— How to complete this task —
Down to the last word, output the records below, skipping any images.
(Exercise material)
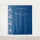 This is a minimalist style image featuring an elegant wedding invitation with a deep blue background. The left side showcases a charming white floral pattern, adding a touch of sophistication and romance. The names "Lauren and Benjamin" are prominently displayed in a classic serif font, followed by the date "May 23, 2026," all set against the serene blue backdrop. It exudes a sense of timeless elegance and refinement, perfect for setting the tone for a sophisticated celebration.
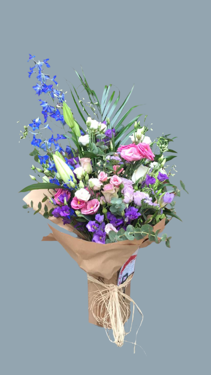 This bouquet features a beautiful mix of blue delphinium, purple and pink lilies, crysanthemums, and lisianthus, all arranged in a water and accompanied by a gift bag.
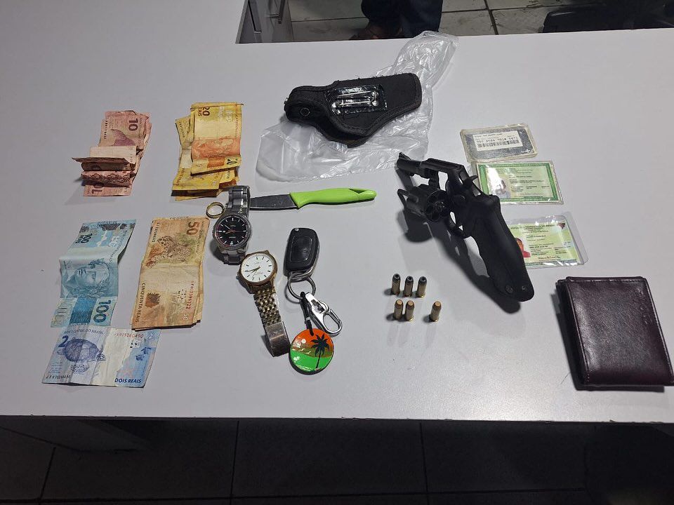 Foto: Divulgação A perseguição teve fim na Rua 12, no bairro Cohab, onde os suspeitos foram abordados. No local, os policiais apreenderam um revólver calibre .38 com seis munições intactas, R$ 702,00 em dinheiro e um carro modelo HB20 azul. Os três detidos, já conhecidos da polícia, foram levados à Central de Flagrantes para os procedimentos legais.
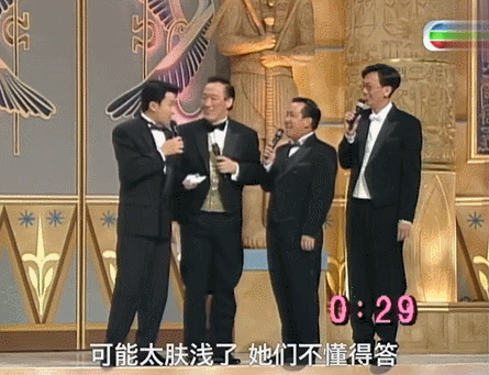 1992年,则集齐了郭富城、张学友、黎明、刘德华四大天王,上一届的港姐冠军郭蔼明则轮翻和四大天王共舞,从一个天王的怀里旋转跳跃到另一个天王的怀里……
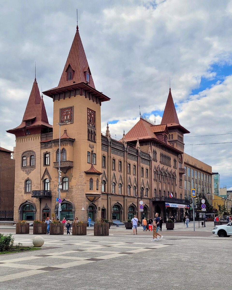 Гаргульи, сфинксы, ангелы, русалки, рыцари, атланты. Да, в Саратове на нас почти со всех фасадов или крыш кто-нибудь да смотрел. Будете там — имейте в виду. Этих красавцев никак нельзя упустить. Можно даже устроить тематический маршрут прогулки по городу — я обязательно в следующий раз. А пока расскажу вам о трёх... ...самых ярких домах, которые встретились на пути. Все они созданы в начале XX века. С гаргульями — здание консерватории имени Собинова. Башенки, шпили, стрельчатые окна. Будто замок из сказки. И неудивительно. Нынешний проспект Столыпина раньше был Немецкой улицей. И жили здесь в основном немцы. Возможно, поэтому архитектор... ...Семён Каллистратов и выбрал такой псевдоготический стиль. Только денег местные думцы сначала давать не хотели — мол, дорого. И городская легенда гласит, что вот эти пять воющих гаргулий на фасаде — как раз те самые жмоты-чиновники. Так архитектор им всё припомнил. Он был вообще большой затейник... ...дом с рыцарями, который неподалёку, тоже ведь
(End Exercise material)
— Solution for this exercise —
 This is a minimalist style image featuring an elegant wedding invitation with a deep blue background. The left side showcases a charming white floral pattern, adding a touch of sophistication and romance. The names "Lauren and Benjamin" are prominently displayed in a classic serif font, followed by the date "May 23, 2026," all set against the serene blue backdrop. It exudes a sense of timeless elegance and refinement, perfect for setting the tone for a sophisticated celebration.
 This bouquet features a beautiful mix of blue delphinium, purple and pink lilies, crysanthemums, and lisianthus, all arranged in a water and accompanied by a gift bag.
 Foto: Divulgação A perseguição teve fim na Rua 12, no bairro Cohab, onde os suspeitos foram abordados. No local, os policiais apreenderam um revólver calibre .38 com seis munições intactas, R$ 702,00 em dinheiro e um carro modelo HB20 azul. Os três detidos, já conhecidos da polícia, foram levados à Central de Flagrantes para os procedimentos legais.
 1992年,则集齐了郭富城、张学友、黎明、刘德华四大天王,上一届的港姐冠军郭蔼明则轮翻和四大天王共舞,从一个天王的怀里旋转跳跃到另一个天王的怀里……
 Гаргульи, сфинксы, ангелы, русалки, рыцари, атланты. Да, в Саратове на нас почти со всех фасадов или крыш кто-нибудь да смотрел. Будете там — имейте в виду. Этих красавцев никак нельзя упустить. Можно даже устроить тематический маршрут прогулки по городу — я обязательно в следующий раз. А пока расскажу вам о трёх... ...самых ярких домах, которые встретились на пути. Все они созданы в начале XX века. С гаргульями — здание консерватории имени Собинова. Башенки, шпили, стрельчатые окна. Будто замок из сказки. И неудивительно. Нынешний проспект Столыпина раньше был Немецкой улицей. И жили здесь в основном немцы. Возможно, поэтому архитектор... ...Семён Каллистратов и выбрал такой псевдоготический стиль. Только денег местные думцы сначала давать не хотели — мол, дорого. И городская легенда гласит, что вот эти пять воющих гаргулий на фасаде — как раз те самые жмоты-чиновники. Так архитектор им всё припомнил. Он был вообще большой затейник... ...дом с рыцарями, который неподалёку, тоже ведь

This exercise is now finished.